The Camaro’s engine lineup includes a 3.6L V6, turbocharged 2.0L four, and our SS tester’s 6.2L V8. The V8 pumps out 455 horsepower and 455 pound-feet of torque. We had the optional eight-speed automatic, but you can get a six-speed manual. The V8 makes the Camaro Convertible stupidly fun. I found myself wanting to roll down the window at a stop light to tell the vehicle next to me “let me play you the song of my people” before stomping on the accelerator and having the V8 roar into life as the light turns green. The engine will pin you in your seat if you floor it and there is a never-ending stream of power throughout the rev range. A nice touch is the optional dual-mode exhaust system that only amplifies the noises of the V8. The eight-speed automatic is ofine around town and on the highway but stumbles somewhat in enthusiastic driving where it takes a moment to downshift when slowing down. Fuel economy for the Camaro SS Convertible stands at 17 City/28 Highway/20 Combined. I got about 19 mpg during my week-long test.

Ride & Handling:

Describing the ride and handling characteristics of the Cascada can be summed up in one word; smooth. Buick’s engineers tuned the Cascada’s suspension to deliver an almost magic carpet ride. Even with a set of twenty-inch wheels as standard equipment, the Cascada is able to deal with rough roads with no issues. Around corners, the Cascada feels planted and body roll is kept in check. But don’t plan on doing anything enthusiastic with it. The steering is a little bit too light for it. Drive it like a relaxed cruiser and you’ll enjoy it. Wind buffeting is minimal with either the windows rolled up or down.

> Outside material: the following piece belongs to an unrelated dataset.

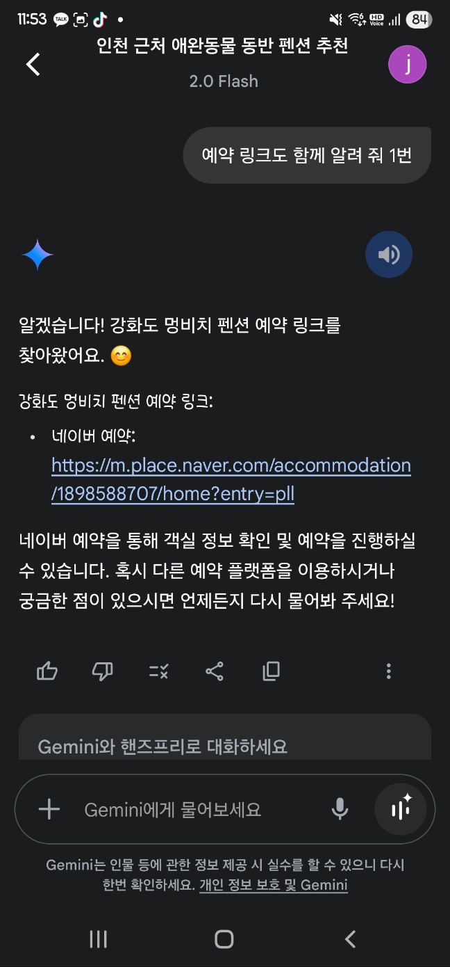 가족과 주말 계획을 세우다가도 음성으로 “애완 동물 동반 펜션 추천해줘”라고 말하면, 위치 기반 정보까지 연동된 결과를 주고, 심지어 예약 링크까지 안내해주는 걸 보며 정말 인공지능 기술이 여기까지 왔구나 싶더라구요!

The Camaro Convertible is shocking as to how well it handles. Part of this comes down to optional Magnetic Ride Control (MRC) system which limits body roll. Chevrolet engineers also worked on improving the structural rigidity of the Camaro. The combination makes the convertible just as good as the coupe in corners. Direction change is fast and there is plenty of grip coming from the meaty tires. Where the Camaro Convertible falters is the ride quality. The SS comes with a set of twenty-inch wheels. While they do look sharp, it makes for a somewhat unbearable ride. Bumps of any size are clearly transmitted to those sitting inside. MRC does its best to provide a comfortable ride, but it might be worth considering going down to a smaller wheel to improve the ride. Wind buffeting is kept in check with the windows up or down.

Price:

The 2016 Buick Cascada starts at $33,065 for the base model. Our up-level Premium starts at $36,065 and comes to an as-tested price of $37,385 thanks to the vehicle being finished in an optional blue color. You really don’t get much in terms of additional features when compared to the base Cascada aside from some additional safety features - front and rear parking sensors, lane departure warning, and forward collision alert - and automatic wipers. Also for that amount of cash, you could with the Audi A3 cabriolet which offers a slightly more premium interior. But you would lose out on the larger back seat of the Cascada. You would be better off with the base Cascada.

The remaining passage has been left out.